Monday, July 05, 2010

The Reader's Digest Condensed Version of "The Road to Serfdom"

It was recently suggested that I am not intelligent enough to understand Hayek’s “The Road to Serfdom” so I am rereading it again, and doing a little outside research on Hayek’s views.  Today I was looking up a quote on deflation, that I had seen previously, in response to a post I saw by R. S. McCain.  McCain seems to like the idea of deflation, whereas my understanding is that most economists consider deflation to be much more damaging to an economy than mild to moderate inflation.  During the course of digging up the quote I was looking for I came across the April 1945 Reader’s Digest condensed version of “The Road to Serfdom”.  I have never seen this version before and I think it is probably safe to assume that most people currently jumping on the Hayek bandwagon haven’t either so I am linking it here for the curious.

BTW – the quote I was looking for was:

“I agree with Milton Friedman that once the Crash had occurred, the Federal Reserve System pursued a silly deflationary policy.  I am not only against inflation but I am also against deflation.  So, once again, a badly programmed monetary policy prolonged the depression.”

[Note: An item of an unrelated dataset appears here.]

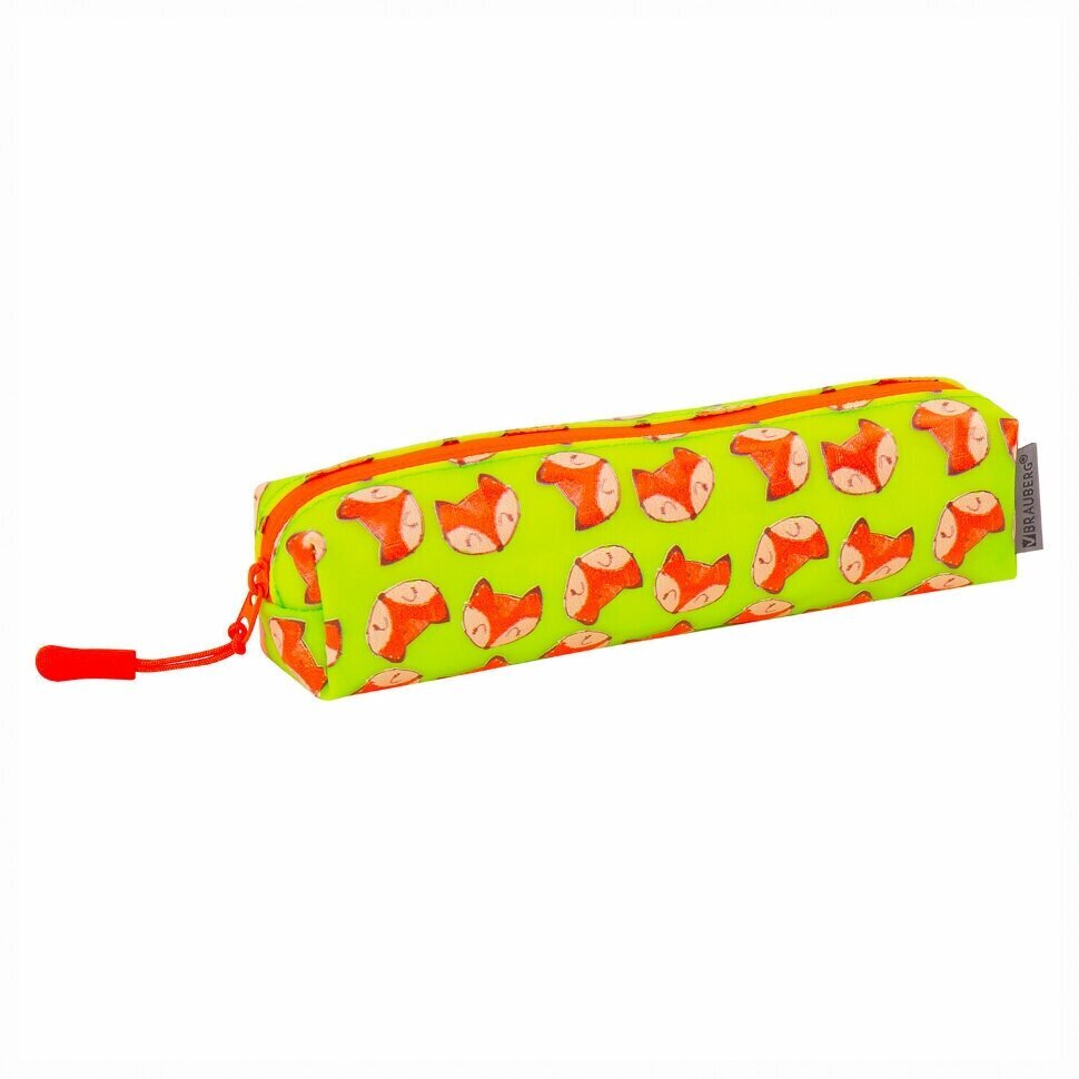 Пенал-косметичка BRAUBERG "Foxes" предназначен для хранения школьных принадлежностей, вмещает до 50 канцелярских предметов стандартного размера. Удобный и вместительный пенал не займет много места в школьном ранце или рюкзаке.Выполнен из мягкого силикона. Пенал прямоугольной формы с одним вместительным отделением застегивается на молнию с удобным пластиковым бегунком. Размер - 21х5х5 см. Поставляется в прозрачном полиэтиленовом пакете с европодвесом.

A further BTW – The reason it was suggested that I am too stupid to understand Hayek is that I maintained that in “The Road to Serfdom” Hayek expressed some support for things such as welfare and universal health care.  I gave page numbers and quotes, but apparently I am to stupid to read and comprehend.  If I am so were the people at Reader’s Digest who condensed the book:

The successful use of competition does not preclude some types of government interference. For instance, to limit working hours, to require certain sanitary arrangements, to provide an extensive system of social services is fully compatible with the preservation of competition. There are, too, certain fields where the system of competition is impracticable. For example, the harmful effects of deforestation or of the smoke of factories cannot be confined to the owner of the property in question. But the fact that we have to resort to direct regulation by authority where the conditions for the proper working of competition cannot be created does not prove that we should suppress competition where it can be made to function. To create conditions in which competition will be as effective as possible, to prevent fraud and deception, to break up monopolies – these tasks provide a wide and unquestioned field for state activity.

Hayek himself endorsed the Reader's Digest condensation.